Thursday, September 27, 2007

ABCNews plays "Adventure With Clip Art"... and loses

I feel bad for the photo editor for most major websites. Their budget has been slashed to pay for Katie Couric's wardrobe consultant on her trip to Baghdad, they've got some beancounters yelling at them about why they keep wanting to send a guy out to Times Square to get photos when "Times Square looked the same last year!" and no doubt the CEO just wonders why they can't "just Photoshop the goddam thing and save a few bucks?" All saying, the temptation to use clip art or "file footage" must be pretty strong.

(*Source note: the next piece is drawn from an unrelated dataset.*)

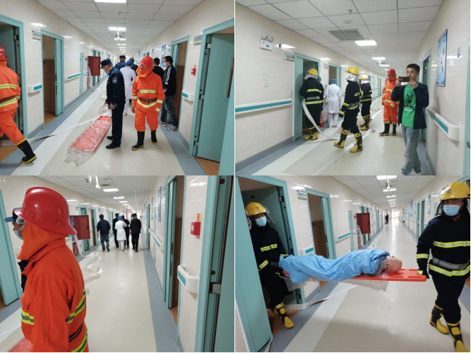 首先,在消防逃生灭火疏散演练过程中,监控室通过消防控制主机烟感报警触发报警,消防控制室收到报警信号后,立即拨打10楼护士站电话前去查看核实,并用对讲机呼叫巡逻保安前去查看,在护士站传递该楼层病房着火属实后,监控室立即报告总值班并启动应急预案,立即组织科室医护人员、微型消防站人员到火场进行有序疏散患者和灭火处置,安保人员迅速连接消火栓,使用灭火器灭火,通过科室和微型消防站的积极处置,火势被快速扑灭,将被困人员救出送到急诊科进行治疗。

That, however, does not excuse the image ABCNews chose to accompany a piece on sexual harassment at the office, which they are calling "Office Sex Harassment: Too PC?" Here's the image:



First question: the article is about sexual harassment in the office. So why did you get three obviously-in-makeup actors portraying old guys sitting on a park bench to be your subjects? That makes NO sense. Second question: what the hell kind of posture is that woman displaying? It's so obvious that they positioned the female in the left hand side of the camera and said "ok, lift up your back leg as if you are walking past these scuzzy and lecherous old horndogs." But it completely fails.

A final note, before I close: if you squint your eyes enough and use your imagination, it's easy to pretend that the woman in this photo is being harassed by a bizarre (yet totally fun, probably) combination of (from left to right) David Cross, Bill Clinton, and Garry Marshall.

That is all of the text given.